Generate speech from text using the Voice.ai TTS API.
Get a Voice ID (Optional)
Optionally get a voice_id from your dashboard or clone a voice. Skip this to use the default voice. Generate Speech
Generate speech from text. Include voice_id if you have one, or omit it to use the default voice. See the Generate Speech endpoint for details.import requests
# Using default voice (voice_id is optional)
response = requests.post(
'https://dev.voice.ai/api/v1/tts/speech',
headers={'Authorization': 'Bearer YOUR_API_KEY', 'Content-Type': 'application/json'},
json={
'text': 'Hello! This is a test of the Voice.ai TTS API.',
'model': 'voiceai-tts-v1-latest', # Optional, defaults to voiceai-tts-v1-latest
'language': 'en' # Optional, defaults to 'en'
}
)
# Or with a custom voice_id:
# json={'voice_id': 'your-voice-id-here', 'text': 'Hello! This is a test of the Voice.ai TTS API.', 'model': 'voiceai-tts-v1-latest', 'language': 'en'}
with open('output.mp3', 'wb') as f:
f.write(response.content)
Streaming
For lowest latency: Use the WebSocket endpoint for conversational AI or multiple sequential requests.
HTTP Streaming (Simple)
For simple request/response streaming, use the HTTP streaming endpoint:
import requests
# Using default voice (voice_id is optional)
response = requests.post(
'https://dev.voice.ai/api/v1/tts/speech/stream',
headers={'Authorization': 'Bearer YOUR_API_KEY', 'Content-Type': 'application/json'},
json={
'text': 'This text will be streamed in chunks.',
'model': 'voiceai-tts-v1-latest', # Optional, defaults to voiceai-tts-v1-latest
'language': 'en' # Optional, defaults to 'en'
},
stream=True
)
# Or with a custom voice_id:
# json={'voice_id': 'your-voice-id-here', 'text': 'This text will be streamed in chunks.', 'model': 'voiceai-tts-v1-latest', 'language': 'en'}
with open('output.mp3', 'wb') as f:
for chunk in response.iter_content():
if chunk: f.write(chunk)
WebSocket Streaming (Optimal for Conversational AI)

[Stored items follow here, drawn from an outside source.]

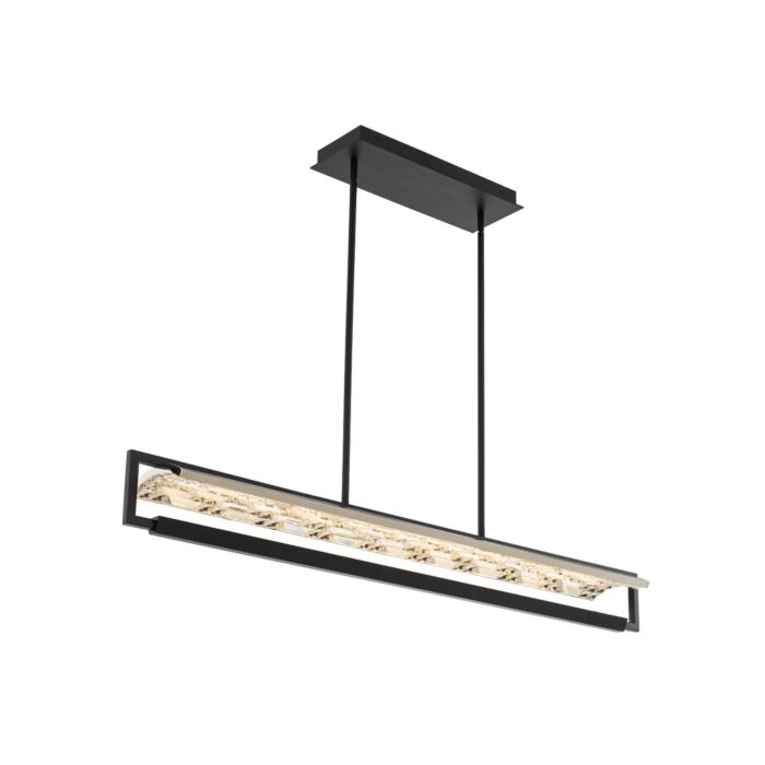 This Capuccio LED Island Pendant in Matte Black w with Chrome is manufacturered by Allegri- Measures 14"H x 46.00" L x 6.00" W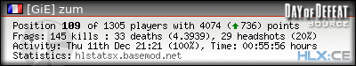 | Rank | Server | Kills | % | Ratio | Deaths | K:D | Headshots | Percentage of Headshots | % | HS:K |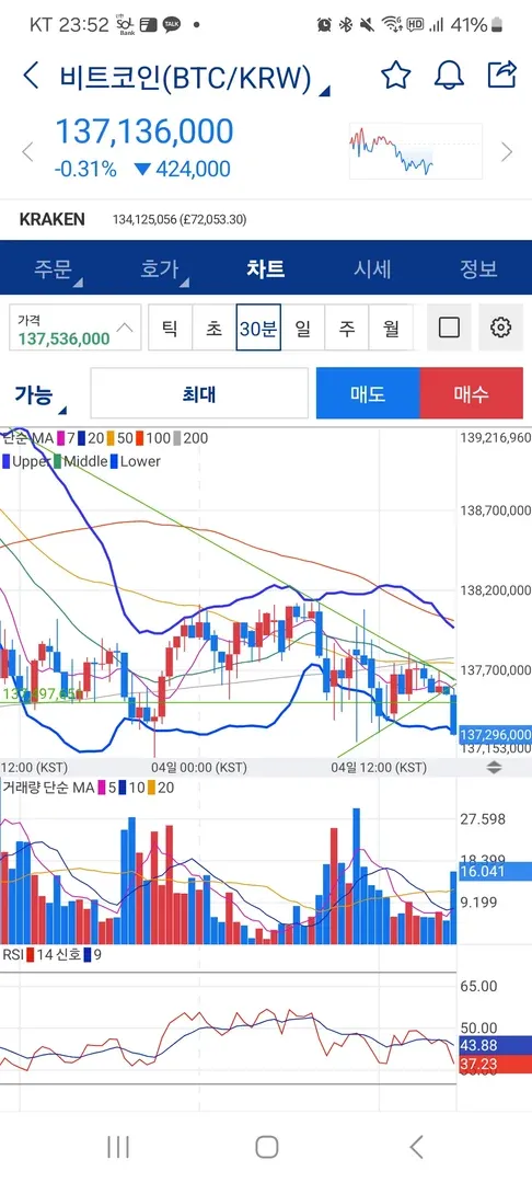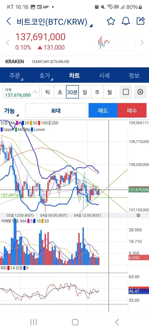 하락 추세선과 상승 추세선이 삼각수렴 패턴을 그리고 볼린저 밴드 하단 터치이후 약간의 상승 기세가 보여 진입하였으나 삼각수렴패턴 완성후 급 하강하여

For lowest latency in multi-turn conversations, use WebSocket:
import asyncio
import json
import base64
import websockets
async def tts_conversation():
url = "wss://dev.voice.ai/api/v1/tts/stream"
headers = {"Authorization": "Bearer YOUR_API_KEY"}
async with websockets.connect(url, additional_headers=headers) as ws:
# First message
await ws.send(json.dumps({
"text": "Hello! How can I help you today?",
"language": "en",
"flush": True
}))
# Receive audio chunks
while True:
msg = await ws.recv()
data = json.loads(msg)
if data.get("audio"):
audio_chunk = base64.b64decode(data["audio"])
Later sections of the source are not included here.